WHAT YOU HAVE TO DO: Restate the listing that follows word for word, without its pictures.

MATERIAL PROVIDED:

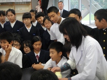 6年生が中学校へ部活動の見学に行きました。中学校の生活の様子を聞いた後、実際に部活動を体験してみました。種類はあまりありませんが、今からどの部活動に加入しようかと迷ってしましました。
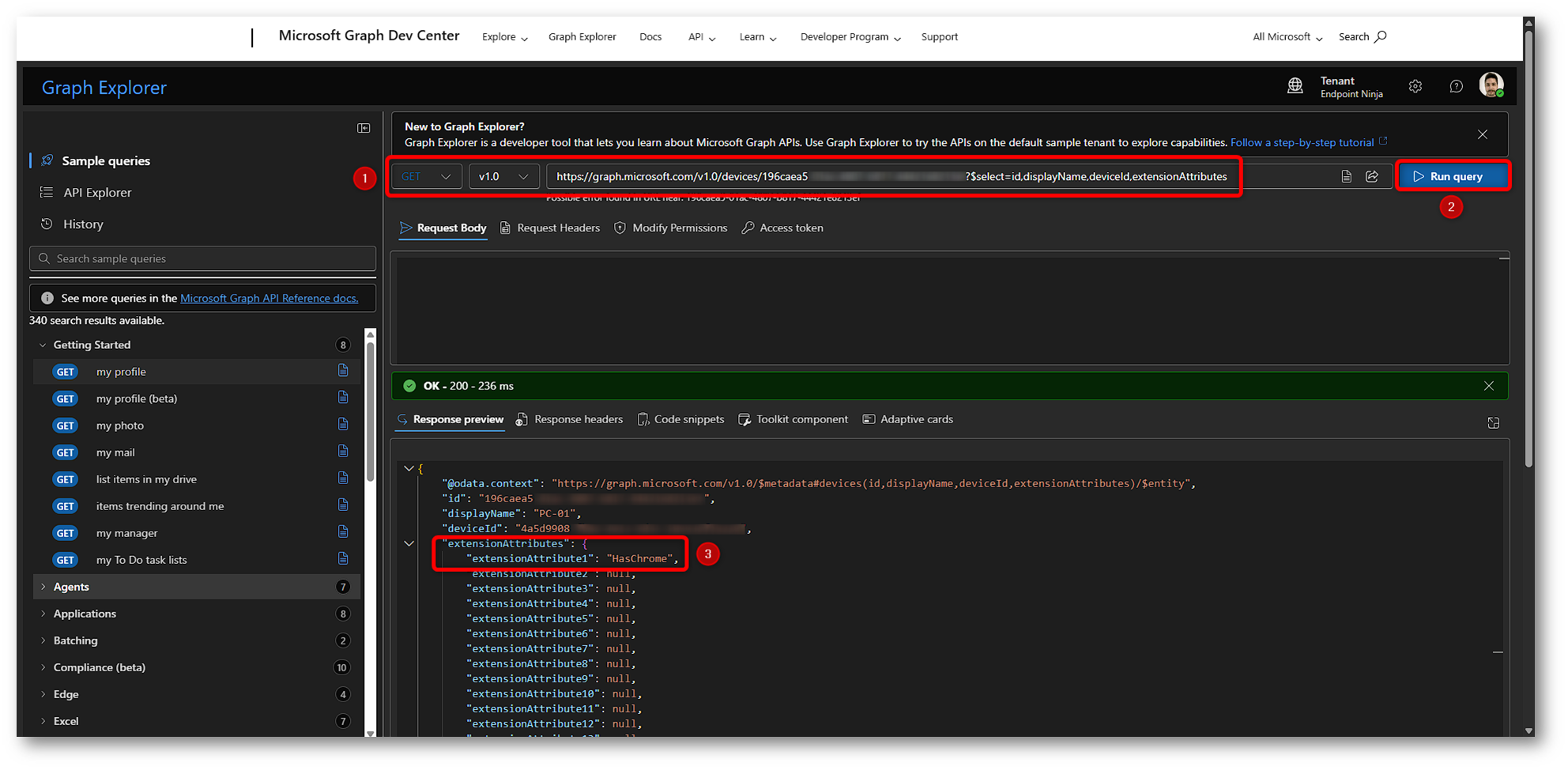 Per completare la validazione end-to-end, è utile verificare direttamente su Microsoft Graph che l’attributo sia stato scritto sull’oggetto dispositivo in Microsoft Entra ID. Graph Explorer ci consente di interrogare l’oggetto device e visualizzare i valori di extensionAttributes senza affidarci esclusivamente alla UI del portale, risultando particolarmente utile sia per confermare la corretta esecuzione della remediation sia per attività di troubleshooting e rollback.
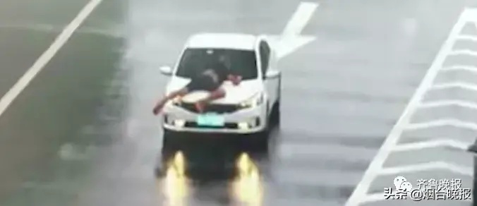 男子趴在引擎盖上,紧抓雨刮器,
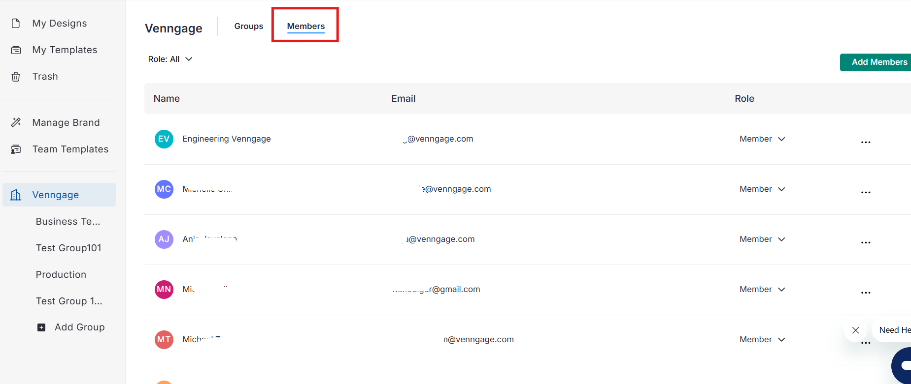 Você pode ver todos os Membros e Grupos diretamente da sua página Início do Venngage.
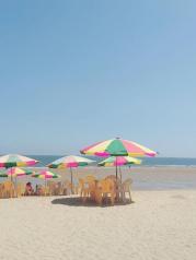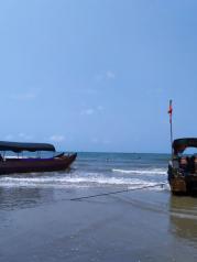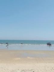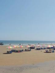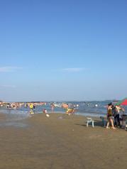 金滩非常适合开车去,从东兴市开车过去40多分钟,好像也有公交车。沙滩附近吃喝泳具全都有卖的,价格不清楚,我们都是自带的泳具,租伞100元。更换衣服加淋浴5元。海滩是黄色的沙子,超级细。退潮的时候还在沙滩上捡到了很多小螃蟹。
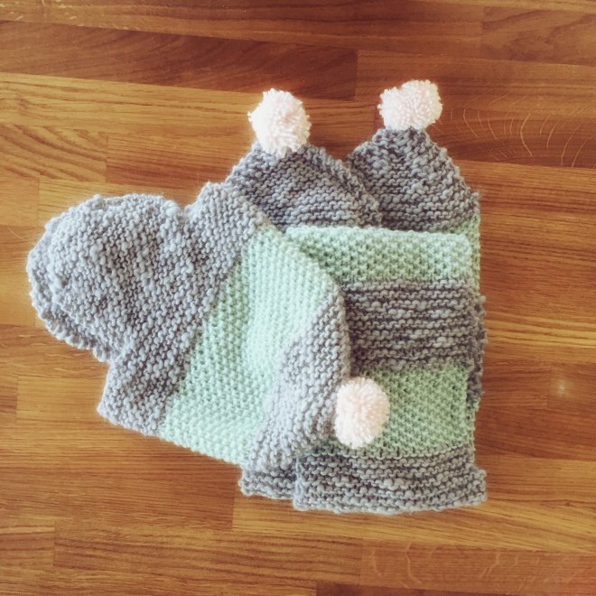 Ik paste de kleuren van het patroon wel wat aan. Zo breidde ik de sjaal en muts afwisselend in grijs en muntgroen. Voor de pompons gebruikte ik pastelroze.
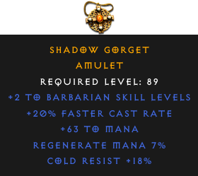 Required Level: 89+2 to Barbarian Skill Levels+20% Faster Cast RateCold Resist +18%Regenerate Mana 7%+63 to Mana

TASK RESPONSE:
 6年生が中学校へ部活動の見学に行きました。中学校の生活の様子を聞いた後、実際に部活動を体験してみました。種類はあまりありませんが、今からどの部活動に加入しようかと迷ってしましました。
 Per completare la validazione end-to-end, è utile verificare direttamente su Microsoft Graph che l’attributo sia stato scritto sull’oggetto dispositivo in Microsoft Entra ID. Graph Explorer ci consente di interrogare l’oggetto device e visualizzare i valori di extensionAttributes senza affidarci esclusivamente alla UI del portale, risultando particolarmente utile sia per confermare la corretta esecuzione della remediation sia per attività di troubleshooting e rollback.
 男子趴在引擎盖上,紧抓雨刮器,
 Você pode ver todos os Membros e Grupos diretamente da sua página Início do Venngage.
 金滩非常适合开车去,从东兴市开车过去40多分钟,好像也有公交车。沙滩附近吃喝泳具全都有卖的,价格不清楚,我们都是自带的泳具,租伞100元。更换衣服加淋浴5元。海滩是黄色的沙子,超级细。退潮的时候还在沙滩上捡到了很多小螃蟹。
 Ik paste de kleuren van het patroon wel wat aan. Zo breidde ik de sjaal en muts afwisselend in grijs en muntgroen. Voor de pompons gebruikte ik pastelroze.
 Required Level: 89+2 to Barbarian Skill Levels+20% Faster Cast RateCold Resist +18%Regenerate Mana 7%+63 to Mana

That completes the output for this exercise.